#VU50660 Improper Privilege Management in OpenLiteSpeed
Vulnerability identifier: #VU50660
Vulnerability risk: Medium
CVSSv3.1: 6.5 [CVSS:3.1/AV:N/AC:L/PR:H/UI:N/S:U/C:H/I:H/A:H/E:P/RL:O/RC:C]
CVE-ID:
CWE-ID:
CWE-269
Exploitation vector: Network
Exploit availability: Yes
Vulnerable software:
OpenLiteSpeed
Server applications /
Web servers
Vendor: LiteSpeed Technologies
Description
The vulnerability allows a remote user to escalate privileges.

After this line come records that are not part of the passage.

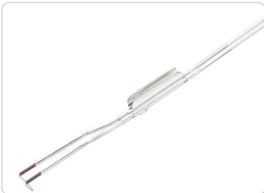
Figure 2. Wire Loop

An advantage of this technique is that it can be performed at any time of the month, without specific preparation, since the lining layer is removed and the underlying muscle layer is easily identified. A disadvantage is that it requires the tissue to be cut, which may cause bleeding from the blood vessels in the muscle layer.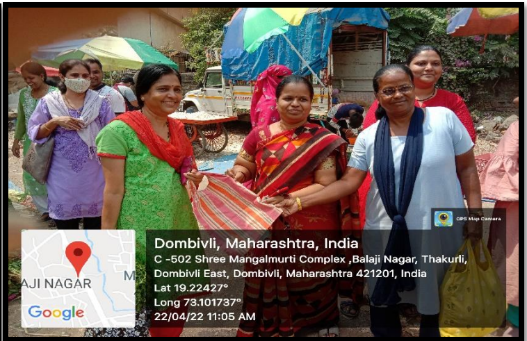
Cloth bags distribution at 90 feet road, Khambalpada, Thakurli along with KDMC officials and Paryavaran Dakshata Mandal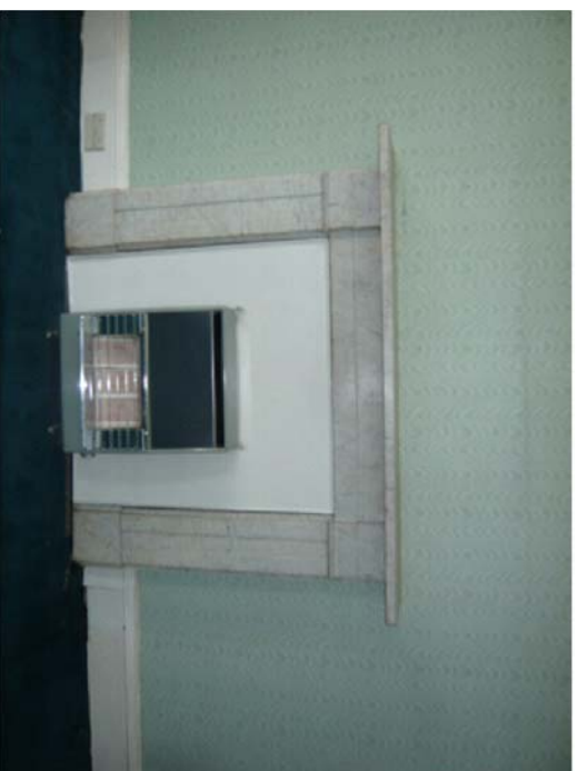
Existing fireplace surround to be retained. The fireplace and hearth to be reinstated.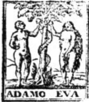
ADAM AND EVE LABYRINTH GAME

principle. Gnostics fostered the belief that Sophia, the Wisdom element of God, was feminine and represented the mind, meaning the actual conscious thinking that was vested in the making of Creation by the Creator. It is she who takes the creative juices of God and ferments them into the tangible world, the ecology of life. She creates what is actual out of the infinity of creative possibilities inherent in God, the undifferentiated Power.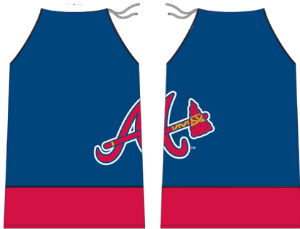
Adult - RTD01-AB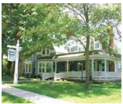
Christian Hospitality Network (CHN)

A network of over 1000 national and international participating lodging properties.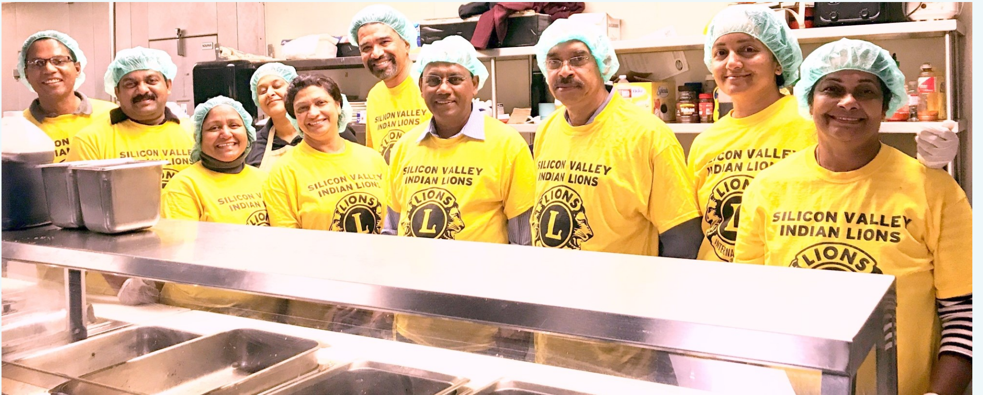
Cooking for Homeless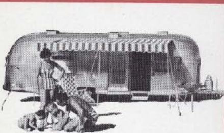
Airstream—since 1932 the world's finest lightweight travel trailers

Spectacular new features have been added to this great Airstream favorite . . . all designed to give you the utmost in faster, safer, more comfortable travel. It's unusually lightweight and compact, yet offers remarkable spaciousness for all your travel-living needs. You'll be captivated by the Flying Cloud's ingenious interior arrangement and numerous "comfort" features . . . double bed or twin bed models with superbly comfortable mattresses; a great big new bathroom with separate shower and toilet; more closet, shelf and drawer space; double sink and lots of formica for greater appeal and convenience; oven and broiler stove; combination ice-electric refrigerator—many other exciting features, too. If you want to travel, if you want modern styling, convenience and durability, be sure to see and test-ride this great new Flying Cloud. You're on your way to a new world of travel-adventure.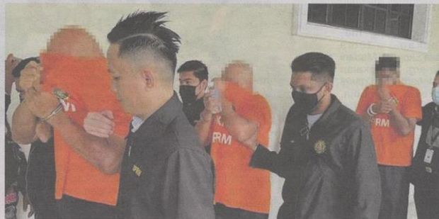
Dua pegawai perubatan hospital kerajaan dan seorang doktor pakar hospital swasta ditahan kes tipu tuntutan PERKESO.

Pada 3 September, Suruhanjaya Pencegahan Rasuah Malaysia (SPRM) me-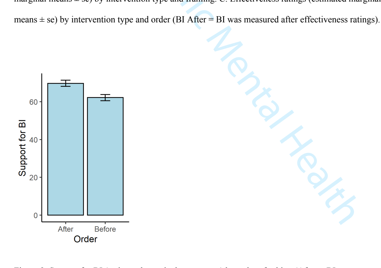
Figure 2. Support for BI (estimated marginal means \pm se) by order of asking (After = BI support was assessed after effectiveness ratings).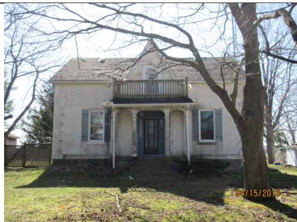
Image 4: Front (east) façade of the house located at 5067 Cook Road.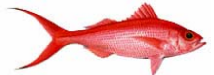
onaga, or ula`ula koa`e ( Etelis coruscans )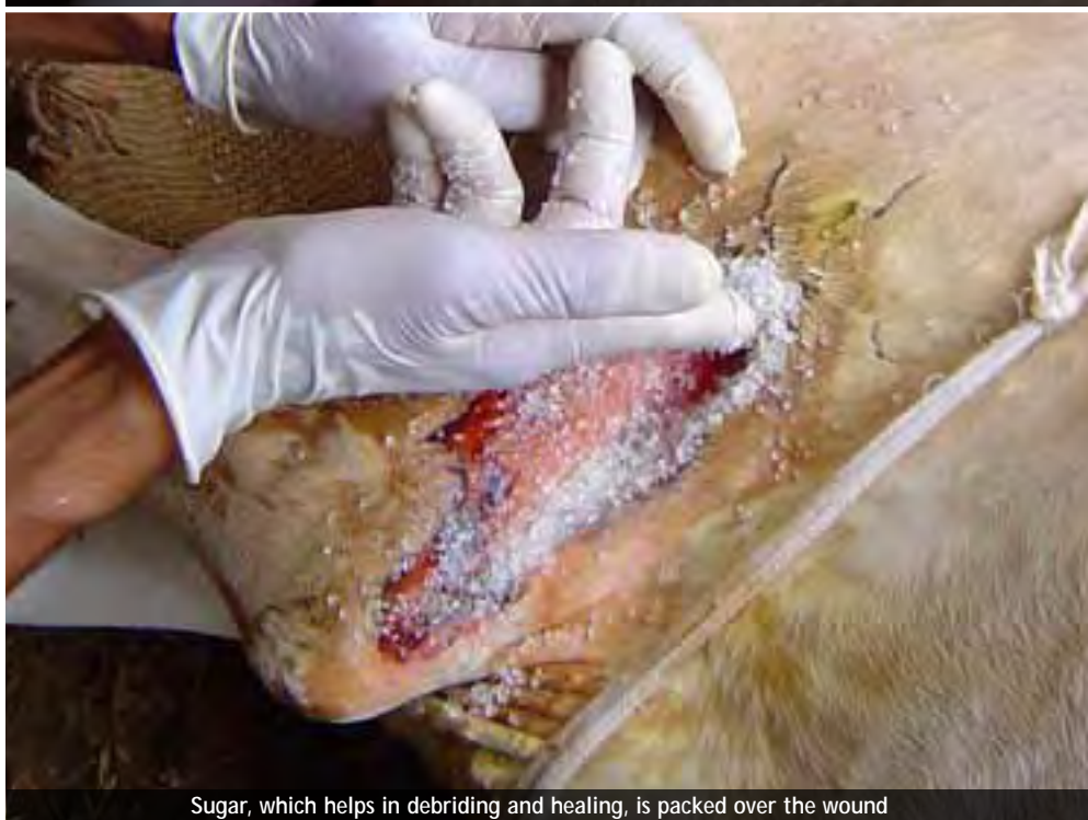
Sugar, which helps in debriding and healing, is packed over the wound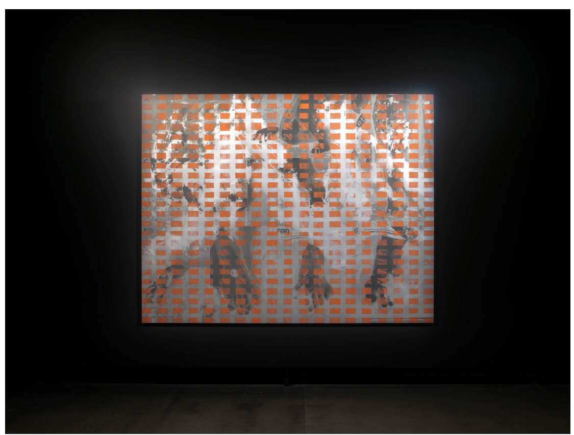
Toby Ziegler Agony party 2018 Oil on aluminium 200 x 255 x 4 cm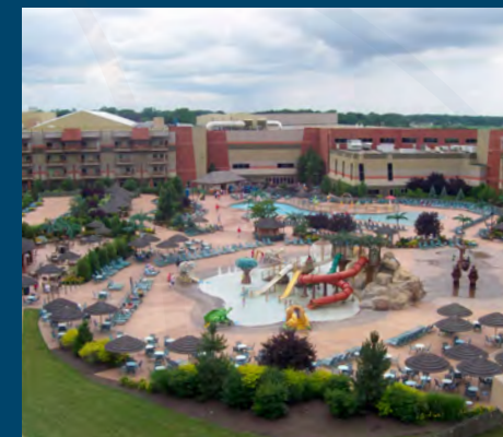
140-acre Indoor Waterpark Resort Development

“We create an environment for collaboration that can be sustained through integrated design and construction.”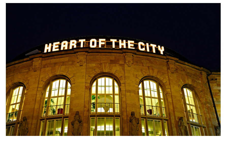
Theater Freiburg

The Federal Republic of Germany has the largest and densest network of institutional and independent theatres in the world. This range includes city, state and national theatres run by states and municipalities and commercially-run musical and entertainment stages, as well as a high density of independent theatres, dance companies and performance groups, which generally finance their work with funds from various state funding programs. The city and state theatres are the ideational and structural backbone of the German theatrical landscape, and their budgets are fixed items in the budgets of their respective cities or municipalities. These theatres are characterized by standing buildings, permanent ensembles, and the permanent presentation of artistic works, as well as by their employees who produce stage sets and costumes for the productions. The repertoire of the respective theatre exclusively contains these in house produced works. A special role is played by the state theatres, whose cultural-political mission also includes to perform in the surrounding regions that do not have their own public theatre. As a rule, therefore, fewer than half of the performances take place at the actual location of the respective state stage. The operation of theatres in the ensemble and repertoire system within the dense network in this country is an internationally unique selling point for the German-speaking theatre landscape.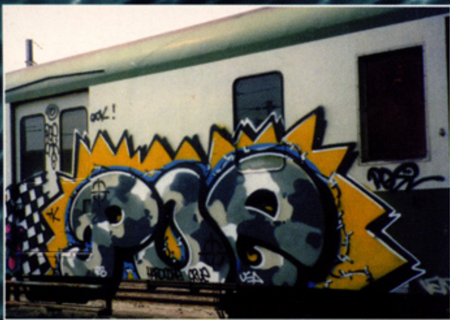
POE / SDK - HC - USA from PARIS (MONTPELLIER - 1993)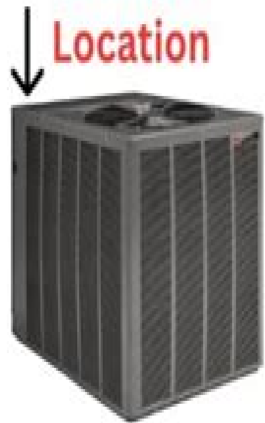
OUTDOOR UNIT (AIR CONDITIONER/HEAT PUMP)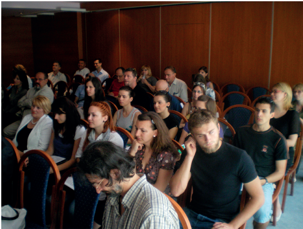
Studenti Sveučilišta u Zadru, sudionici XVI međunarodnog znanstvenog skupa „Društvo i tehnologija“ / Students from Zadar University, Participants of XVI international scientific conference „Science and Technology 2009“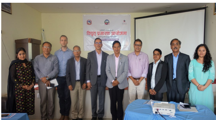
MCA-Nepal & MCC staff with MP Sher Bdr. Tamang after the event.

Sindhupalchowk is one of the ten districts that will be affected by the electricity transmission line project. Out of 318 km of 400 kV transmission line, 10 km will pass through four wards ( Wards no 1, 2, 3 and 4) of Melamchi Municipality in the district, and 37 towers will be built for the same purpose in the district. In total, seven public/private structures, 11.55 hectares of forest land and 34.81 hectares of private land are projected to be affected during the implementation of the project in the district.

The vulnerability exists due to improper privilege management. A remote administrator can use the extUser or extGroup parameters to gain sudo access and escalate privileges on the system.
Mitigation
Install update from vendor's website.
Vulnerable software versions
OpenLiteSpeed: 1.7.0 - 1.7.8
External links
http://github.com/litespeedtech/openlitespeed/issues/217
Q & A
Can this vulnerability be exploited remotely?
Yes. This vulnerability can be exploited by a remote authenticated privileged user via the Internet.
Is there known malware, which exploits this vulnerability?
No. We are not aware of malware exploiting this vulnerability. However, proof of concept for this vulnerability is available.